Celebrating 40 Years: From Theater to Storytelling

Forty years ago, in the midst of winter, I had no idea that a future in storytelling awaited me. I was beginning my last semester at Hampshire College. The work involved research into the history and the ideas behind the San Francisco Mime Troupe, writing up an account of my work the previous year acting and touring with Little Flags Theater, and thinking about what I wanted to do for a final performance in the spring.

One of the plays I’d performed in with Little Flags was titled the “Furies of Mother Jones,” a play about union organizing and coal mining. Thinking back to our tour through Appalachia and the folks we talked to, I decided to put together an evening of coal mining songs. I’d found a very powerful book “Voices from the Mountains,” by Guy and Candy Carawan, which included black and white photos, quotes from oral history interviews, and songs with lyrics and sheet music. What if I took slides of photos from the book, as well as slides from photos in National Geographic, got some friends together to form a back-up band (I could sing but I couldn’t play an instrument to save my life,) and then performed the songs, interspersed some of the stories the I’d heard while touring in West Virginia and Kentucky.

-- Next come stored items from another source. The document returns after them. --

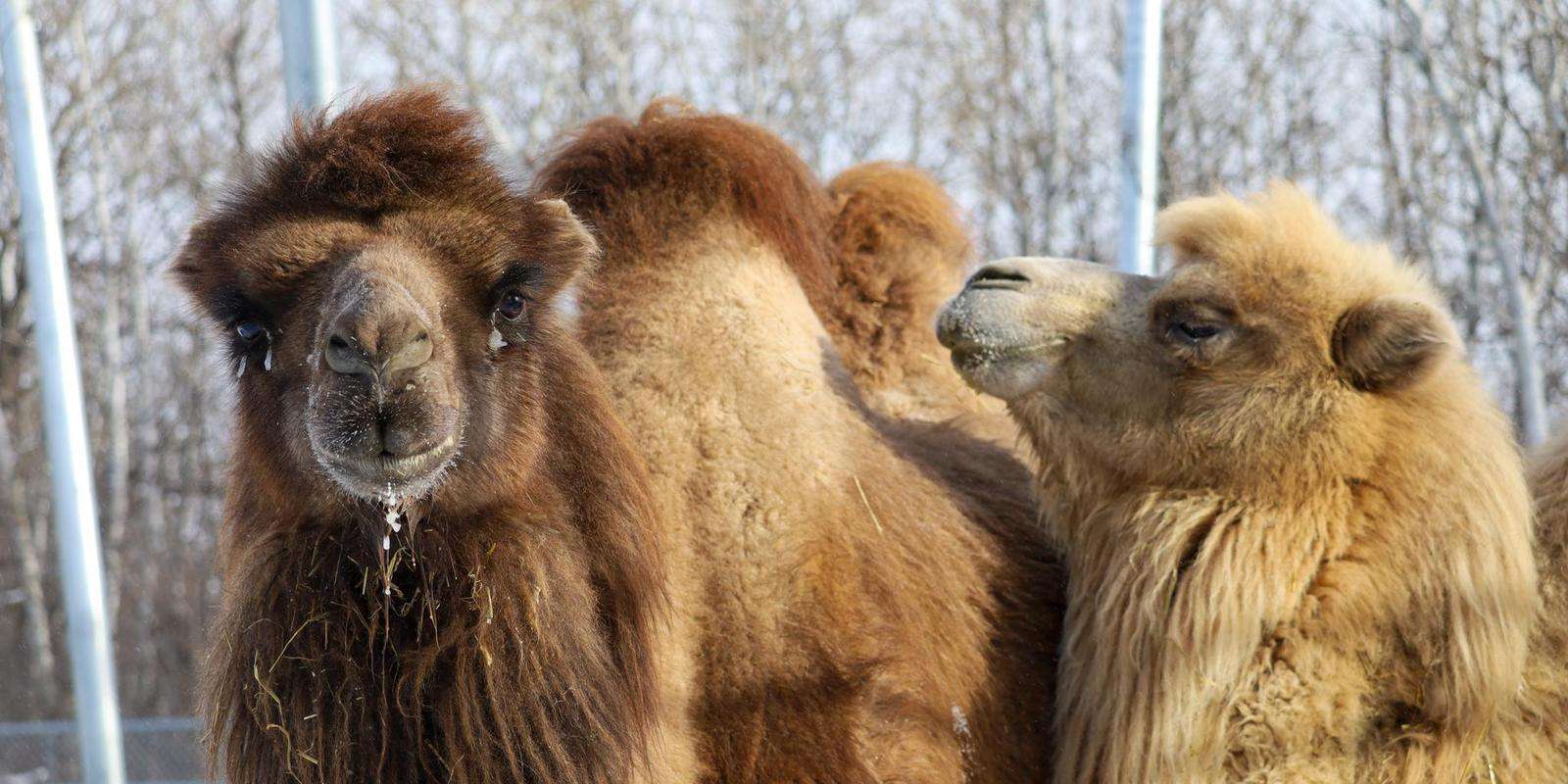 - Our camels have two thick layers of fur that help trap heat close to their bodies and stay warm against the snow and wind.
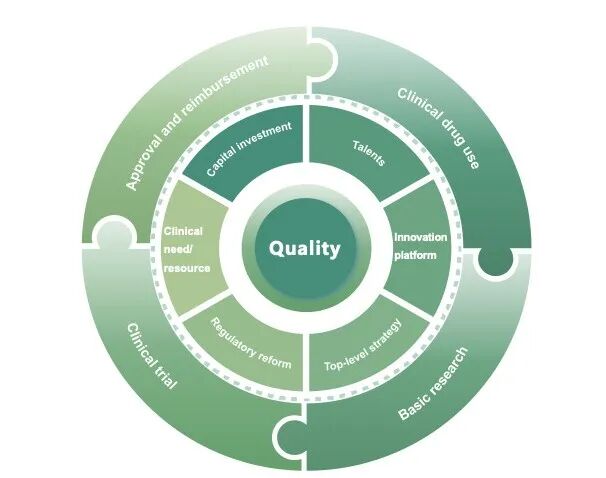 上述变化的起点,是十年前以高标准推动的行业规范化进程。“质量”逐步从合规要求演变为研发与评价的核心导向,临床价值导向的研发理念逐步确立。此后十年,中国围绕“质量”这一核心,逐步构建起覆盖创新药全生命周期的协同体系。从基础研究、临床试验、审评审批,到医保支付、临床使用,七大关键要素相互支撑、协同发力。质量既是这一生态的起点,也是贯穿始终的主线。
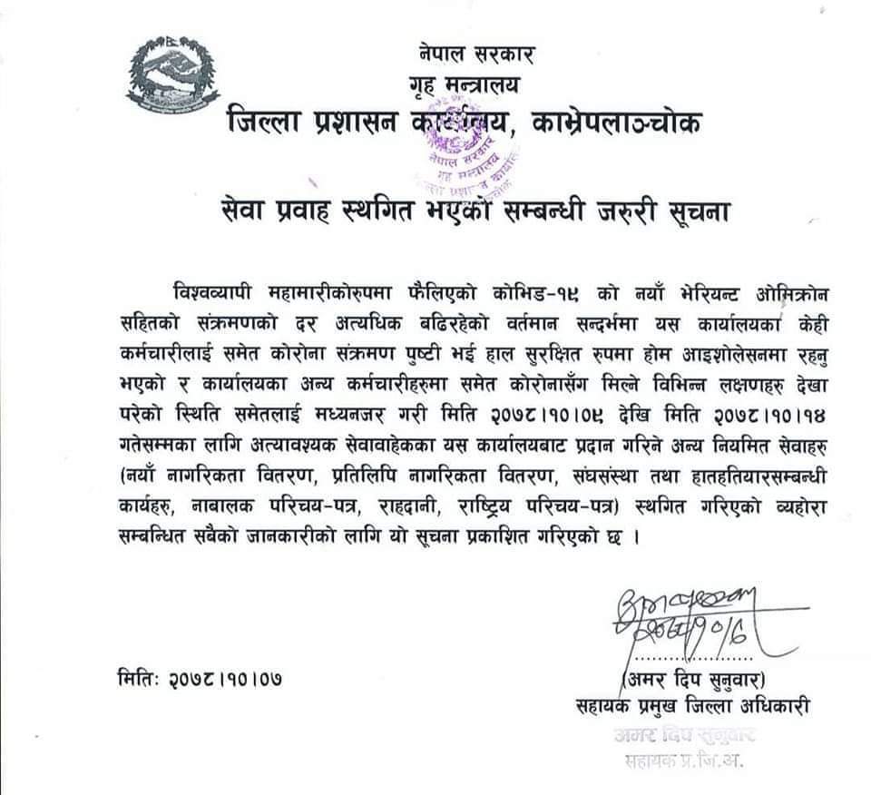 शुक्रबार सहायक प्रमुख जिल्ला अधिकारी अमरदीप सुनुवारले सुचना निकालेर माघ ९ देखि १४ गतेसम्मका लागि अत्यावश्यक बाहेकका सेवा बन्द गरिने जानकारी दिएका छन् । अत्यावश्यक सेवा बाहेक नयाँ नागरिकता, प्रतिलिपि नागरिकता, संघसंस्था, राहदानी, राष्ट्रिय परिचयपत्र, नाबालक परिचयपत्र लगायतका सेवा बन्द गर्ने निर्णय गरिएको सुचनामा जनाइएको छ ।
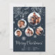 Festive and unique holiday photo cards feature five photos appearing as ornaments on a white outline Christmas tree illustration adorned with holly and snowflakes. "Merry Christmas" appears beneath in white calligraphy script lettering. Personalise with your family name, the year, and individual names along the bottom.
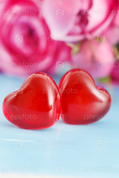 Два красных сердца на фоне роз
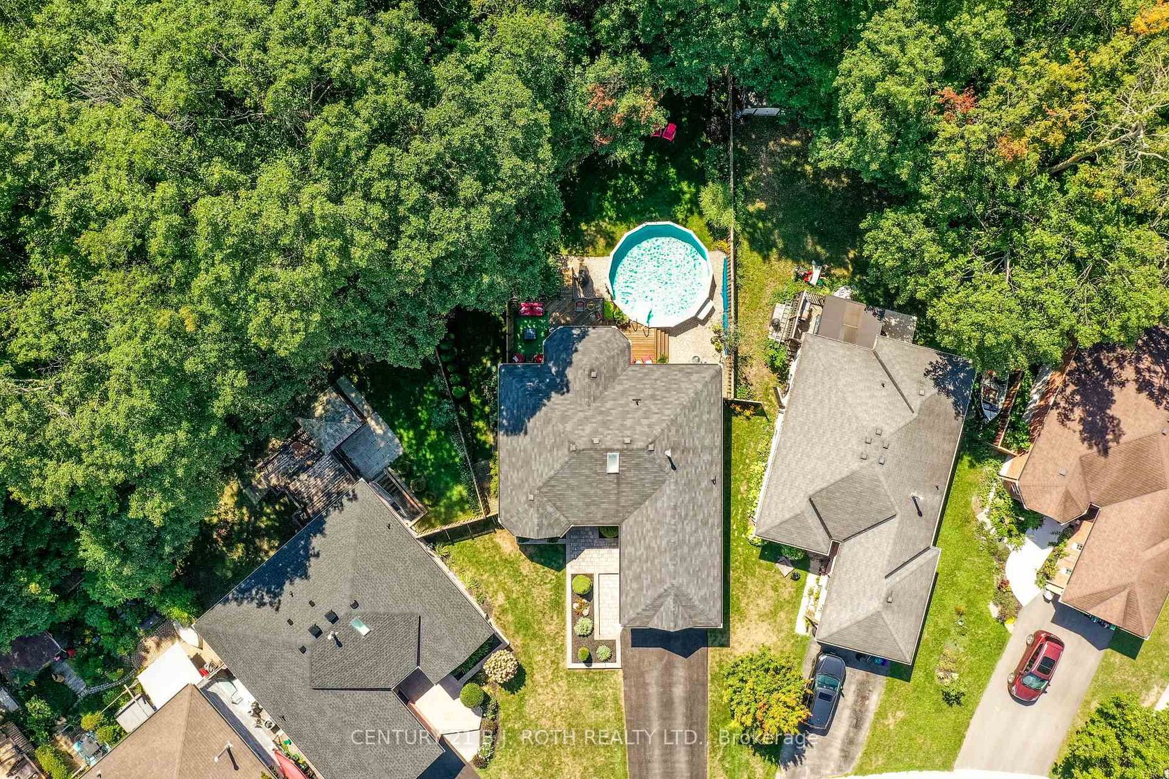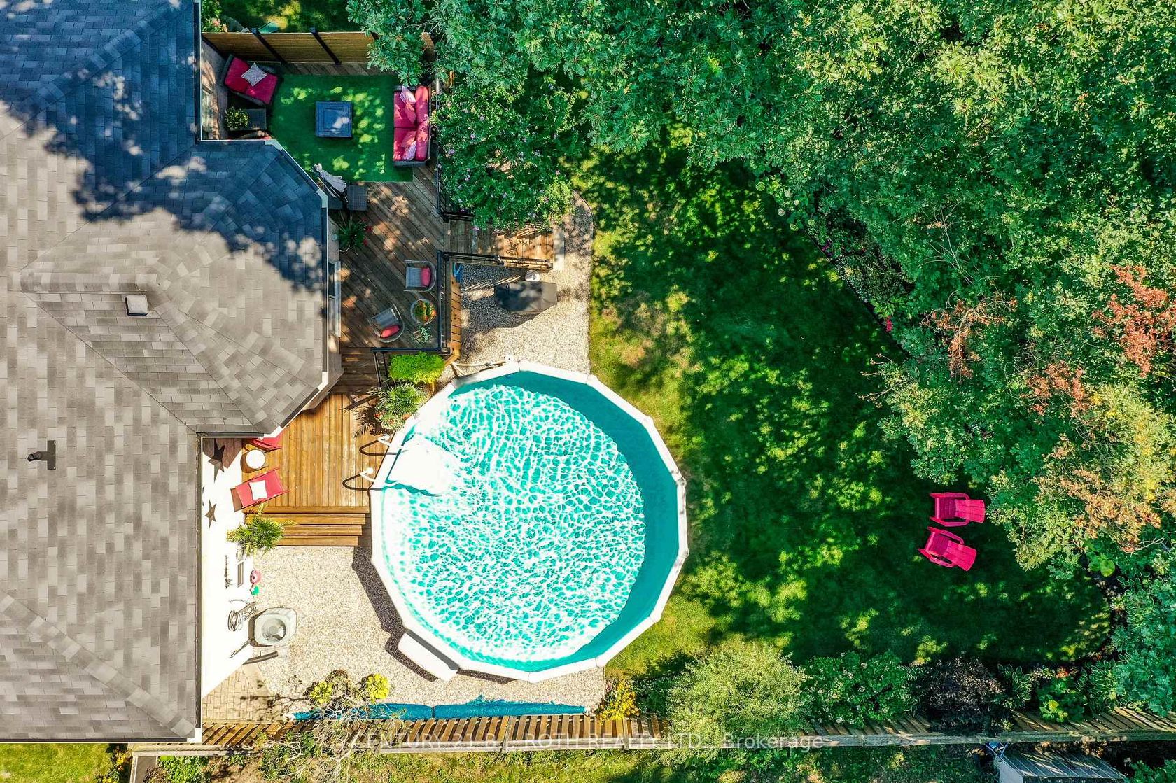 Welcome to 91 Benson Drive, an impeccably updated 3-bedroom bungalow set on a stunning, private, landscaped lot with no neighbours behind! Nestled in a sought-after, family-friendly neighbourhood in Barrie, this home is within walking distance to highly regarded schools and offers easy highway access for commuters. Lovingly maintained and presented in pristine condition, this home welcomes you with a bright foyer that opens into a spacious, light-filled living room. At the heart of the home is a professionally designed custom eat-in kitchen (2019), featuring a large island with quartz countertops, abundant cabinetry, a built-in custom table, and quality finishes throughout. The dining area offers a walkout to a newer custom deck overlooking the fully fenced backyard, backing onto peaceful green space and complete with an above-ground pool, perfect for relaxing or entertaining. The main level includes a generous primary bedroom with a private ensuite, along with two additional well-sized bedrooms and a stylish, updated 4-piece bathroom. Downstairs, the open-concept great room with a cozy fireplace provides the perfect space for family time or entertaining, along with a convenient 3-piece bathroom and a versatile murphy bed-ideal for guests or maximizing space. Extensive updates offer peace of mind, including furnace (2015), roof (2016), renovated lower bathroom (2017), and a full main floor and kitchen renovation (2019). Exterior upgrades include new eavestroughs, fascia, and leaf guards (2020), a new front door and garage doors (2021), and a beautifully updated ensuite (2021). Additional improvements include new windows and patio door (2022) and a new water softener (2022). This move-in-ready home seamlessly blends modern updates, thoughtful design, and exceptional value.

I got excited about the project and started to do more research. Found a small recording company from Whitesburg, Kentucky, June Appal Records. Wrote them a letter (there was no email for me in those days, and no computer; typed all my letters and term papers on a manual Royal typewriter from the 1940’s) and told them about my project. They sent me a bunch of records (at no charge) which included a double album of stories by Gurney Norman and the Roadside Theatre.

The liner notes for the album said that day the recording was made, the June Appal folks discovered that they only had enough material for three sides of an album, and they needed more material. So, they called a friend of theirs, Si Kahn, a community organizer and songwriter, and asked him if he had a story that they could use on the fourth side. “Not yet,” he said, “but I’ll have one by the time I get there.”

And he did. This was “The Last Panther in East Kentucky,” which I learned and told in my final project performance at Hampshire College, and evening of Coal Mining Songs & Stories. The performance took place in the upstairs center room on one of the modular apartment “donuts” in Greenwich House, attended by well over 100 students, faculty, and staff, as well as at least five dogs, one of which was mine.

I’ve been telling that story for almost 40 years now, and I don’t think I’ll ever get tired of it.